The reason given was that Diane was unwell. There are unkind folk who wonder whether she was unwell, or in fact "unwell", in the light of rumours that Labour's top brass are trying to keep her out of the limelight. You don't need a long memory to recall that she missed the Article 50 vote because of a last-minute migraine (or "migraine.")

However, when I saw her on Sky in a rare interview she struck me as a lady under pressure, so if she is genuinely unwell, let me be the first to apologise for myself.

Ukip's Paul Nuttall is a man who a lot of his critics think is not quite right, rather than being actually unwell, and gave a speech saying he would consider introducing internment of suspects.

This would involve locking people up for what they might do, rather than for what they have done.

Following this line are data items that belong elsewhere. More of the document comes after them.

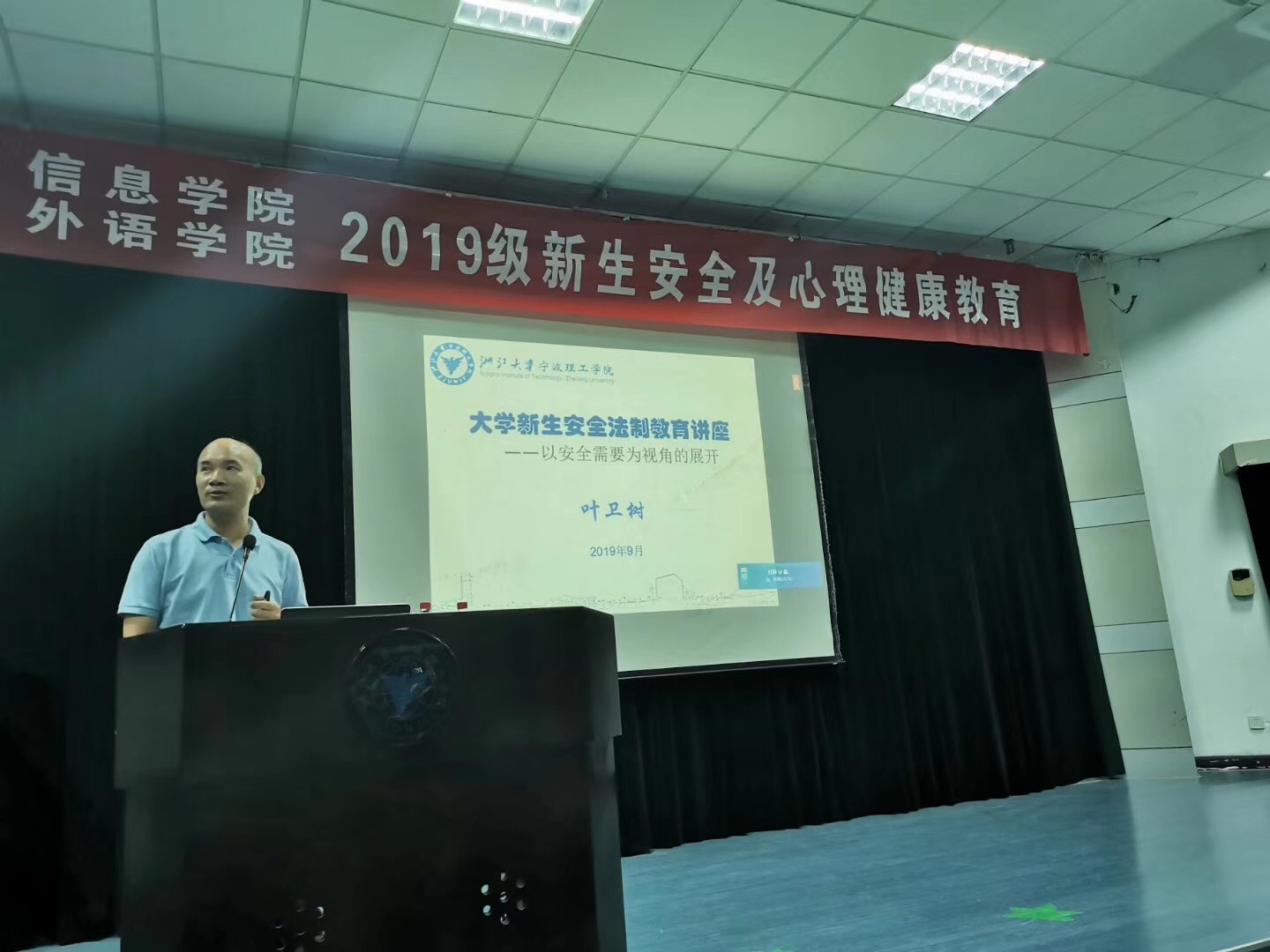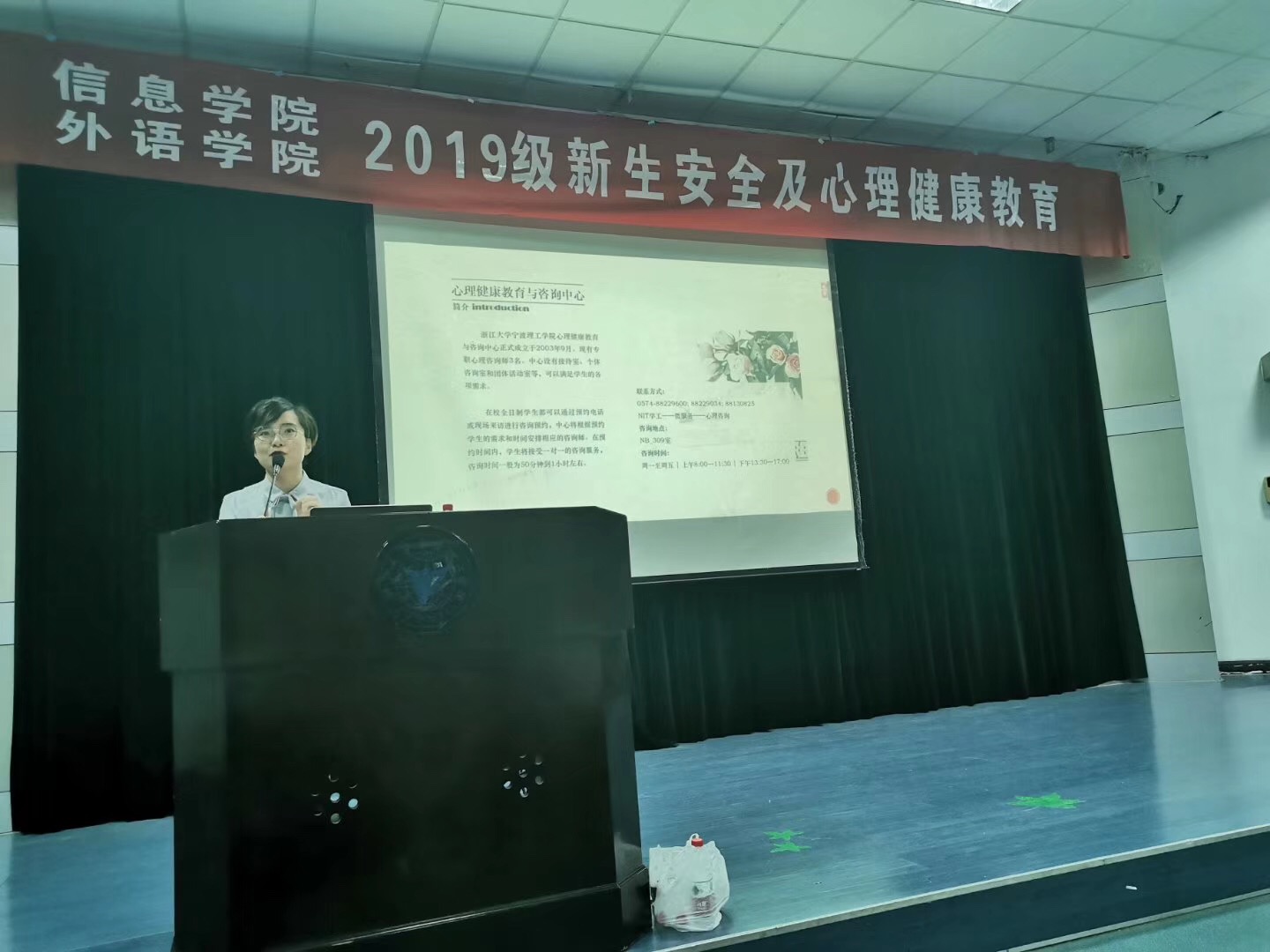为做好2019级新生身心安全教育工作,2019年9月16日晚6点30分,由信息公司、外语公司联合举办的2019级新生安全及心理健康教育讲座在NF103如期开讲。信息公司党委副书记方芳老师、信息公司思政主管杜明珠老师、外语公司党委副书记任凯老师,外语公司思政主管芦美丽老师、副主管刘杜娟老师、辅导员董海云老师以及两个公司19级全体新生参加本次讲座。心理课程讲师陈嘉欣、校保卫处副处长叶卫树担任主讲老师。讲座由任凯副书记主持。
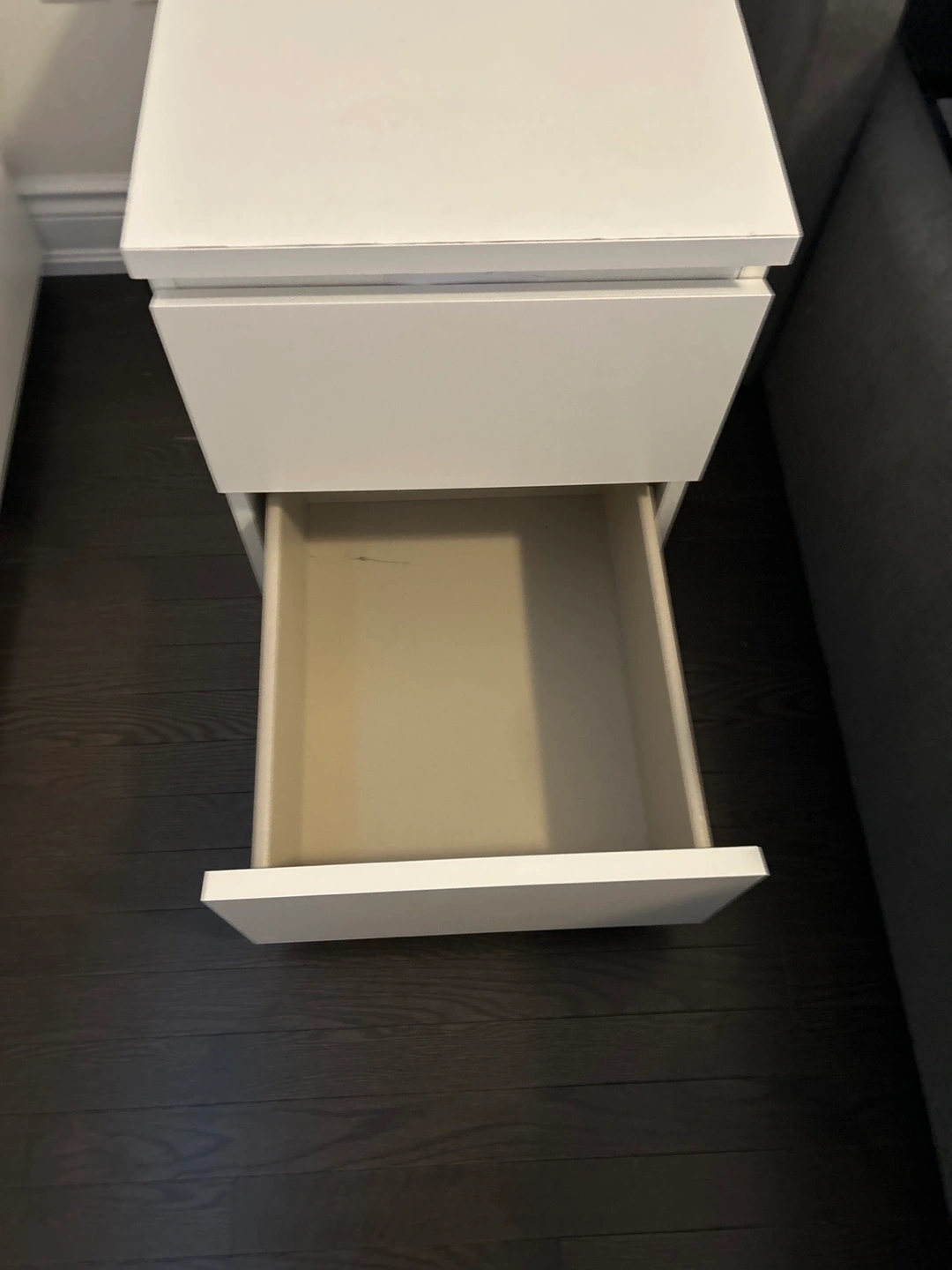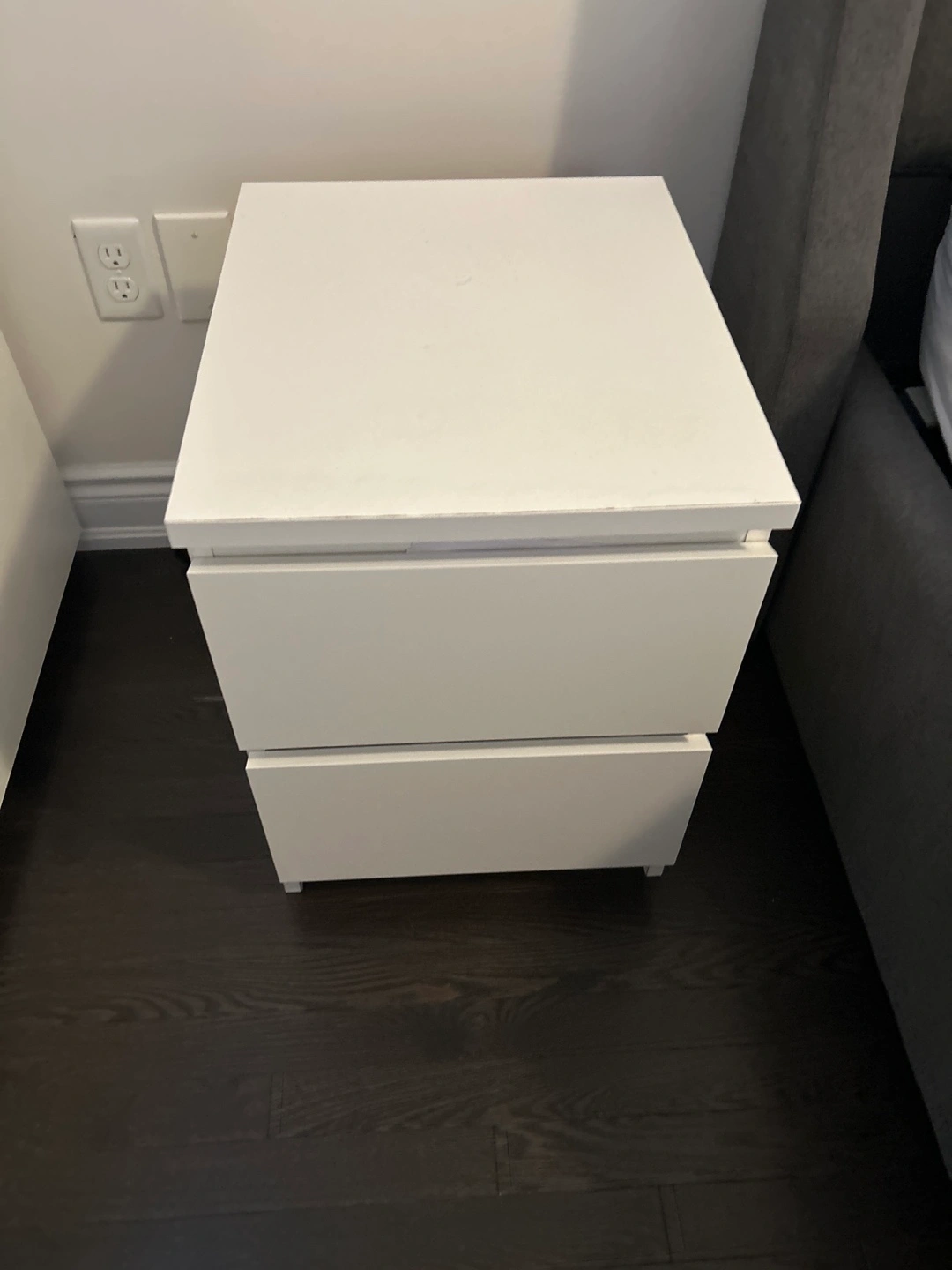 White nightstand with 2 drawers.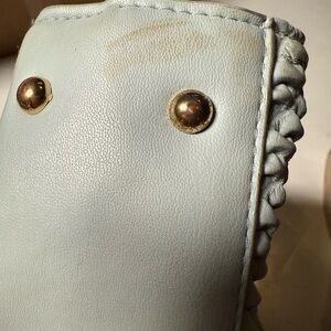 Elevate your style with this chic Bebe woven shoulder bag. Featuring a sophisticated light blue with gold hardware design complemented by elegant gold accents, this bag is perfect for any occasion. The luxurious texture and stylish details make it a must-have accessory.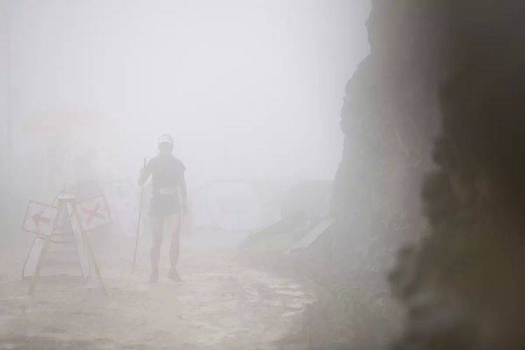 雾很重夹杂着小雨,500流明的头灯在这样天气里的可视距离很短,连脚下的路都看不清,更别说远处。路上没有前半程厚厚的泥,但因地面上的泥水增多、可视度不好,没有什么难度的路面,也很难跑得起来。宽点的路,走靠山体的一侧,尽管石子多还要注意不能扭脚,但总比一直泡在泥水里的感觉要好;窄点的路,就很小心的一步步挪过去,因为另一侧就是沟壑。被泥水长时间浸泡的脚底开始痛疼,针刺的感觉,每每落地都不自觉地收缩一下。慢慢的,左脚踝的老伤也有了痛感。到此时,安全是最大的心愿,能安全完赛是最好的结局。
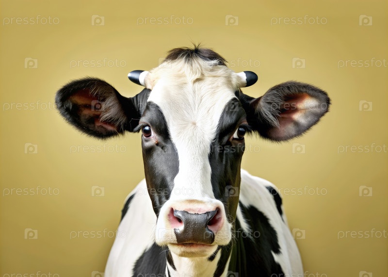 Близкий портрет черно-белой молочной коровы на желтом фоне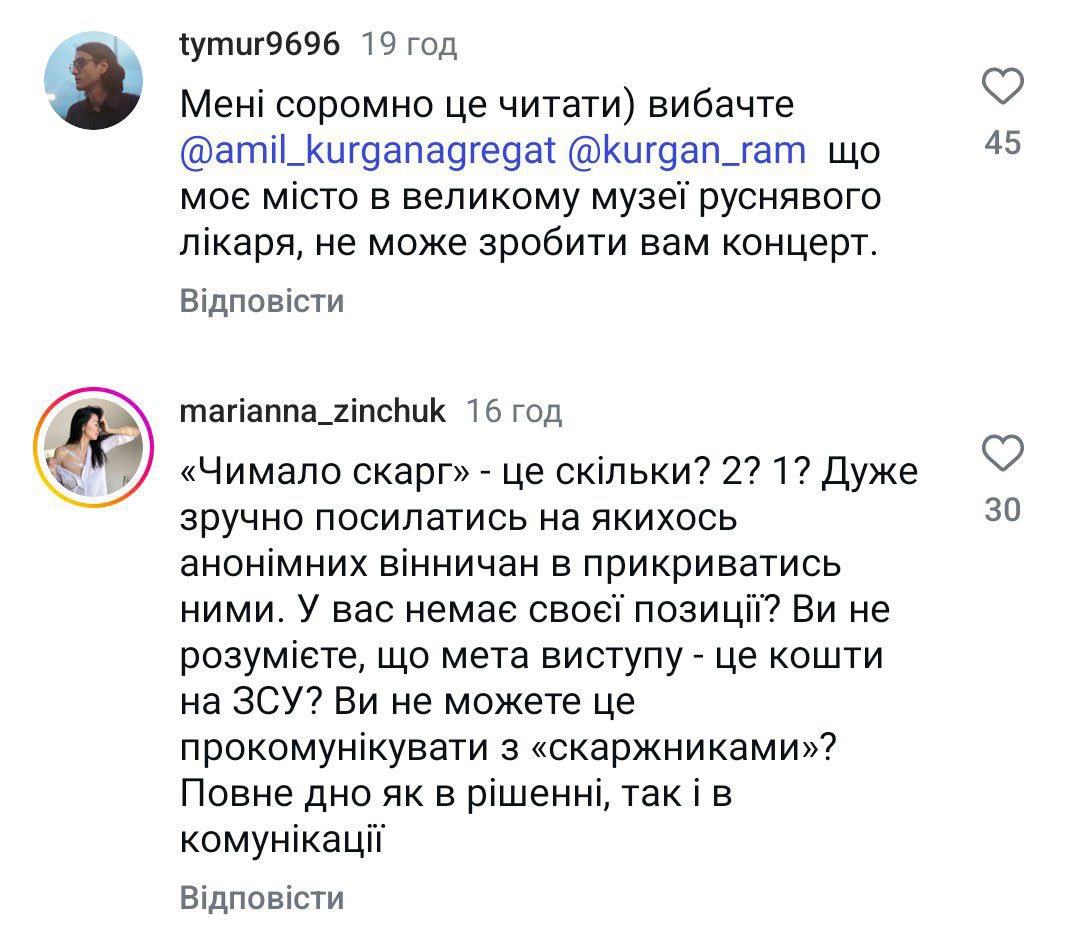 «Чимало скарг» — це скільки? Дві? Одна? Дуже зручно посилатися на якихось анонімних вінничан і прикриватися ними. У вас немає своєї позиції? Ви не розумієте, що мета виступу — це кошти на ЗСУ? Ви не можете це прокомунікувати зі «скаржниками»? Повне дно — як у рішенні, так і в комунікації».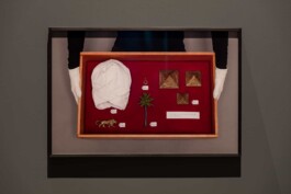 In this work, Belinda Kazeem-Kamiński concentrates on items that were assigned to Soliman during his lifetime (ante mortem) and after his death (post mortem). But this diptych does not simply show the display cases containing Soliman’s props: both photographs also feature two arms, with white gloves and black sleeves, that hold the cases, evoking the figure of the custodian or restorer. In creating this effect of “a frame within a frame”, the work insists on the museal apparatus and its relentless logics of collecting, preserving, and exhibiting.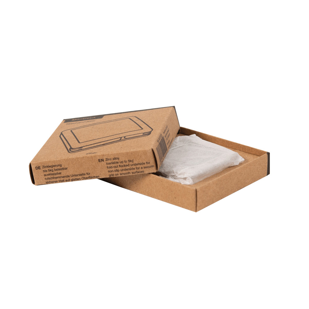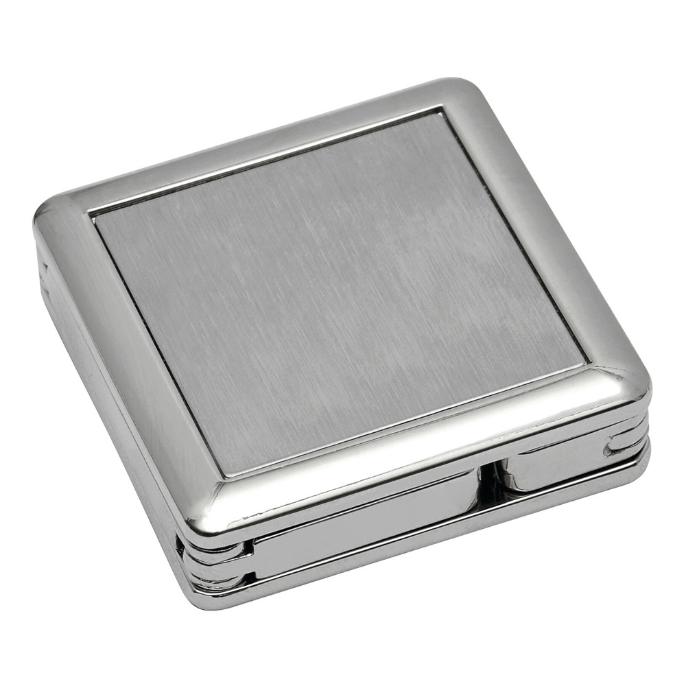 Handtaschen-Halter MONTREUX, ausklappbar: Oberseite aus Edelstahl für Werbeanbringung, gummierte Unterseite sorgt für sicheren Halt auf glatten Oberflächen, in Box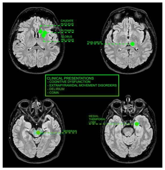 - Sharma, P.; Eesa, M.; Scott, J.N. Toxic and Acquired Metabolic Encephalopathies: MRI Appearance. AJR Am. J. Roentgenol. 2009, 193, 879–886. [Google Scholar] [CrossRef]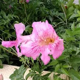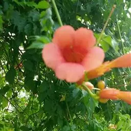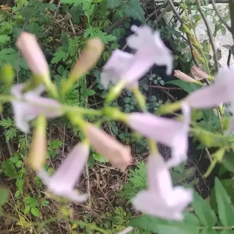 花萼钟状,绿色或紫红色,具深紫色斑点,长12-18毫米,萼齿三角形,长6-12毫米,宽5-7毫米。花冠红色或紫红色,长3.5-4厘米,直径约2厘米,花冠筒外面紫色,具黑色斑点,内面具少数紫色条纹,裂片圆形,长1.7-2.8厘米,宽2-3.9厘米,顶端微凹,具腺体。雄蕊4,2强,着生于花冠筒基部,花药两两靠合;退化雄蕊小,弯曲。子房长圆形,2室,每室胚珠2列,花柱长达4厘米,柱头扇形。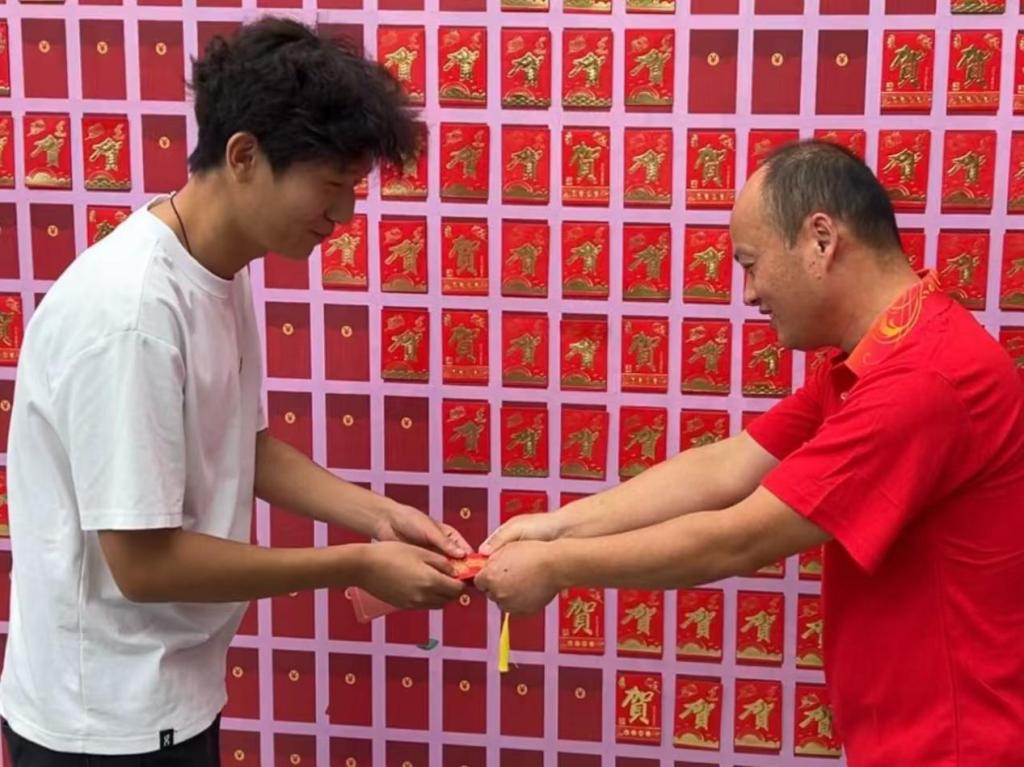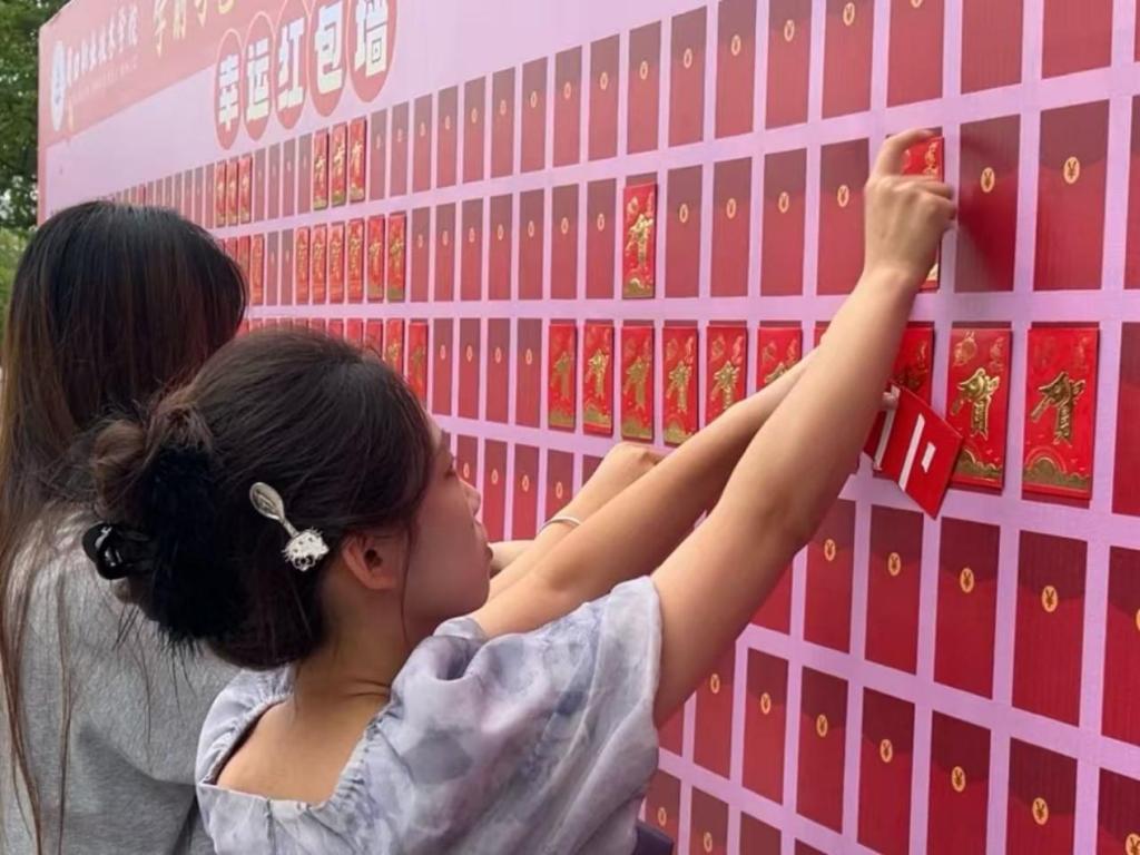 工作人员引导新生至红包墙抽取红包,收获专属入学礼物。这份别具心意的礼物承载着公司的温暖与祝福,让新生在学艺大家庭中感受到喜悦与归属感,为他们的老员工活留下了温馨美好的初印象。

Mrs May was busy playing the well-thumbed Brexit card, which she thinks is an ace. Nick Clegg, the Lib Dems' Brexit spokesman - a fib if ever there was one as the Lib Dems do not believe in Brexit - took a pop about the disastrous consequences for us all.

"Last week it was reported that the average price of a bottle of wine has hit its highest price ever," he warned gloomily.

To which, in the spirit of Marie Antoinette, the appropriate retort might be: "Then why don't they drink British beer?"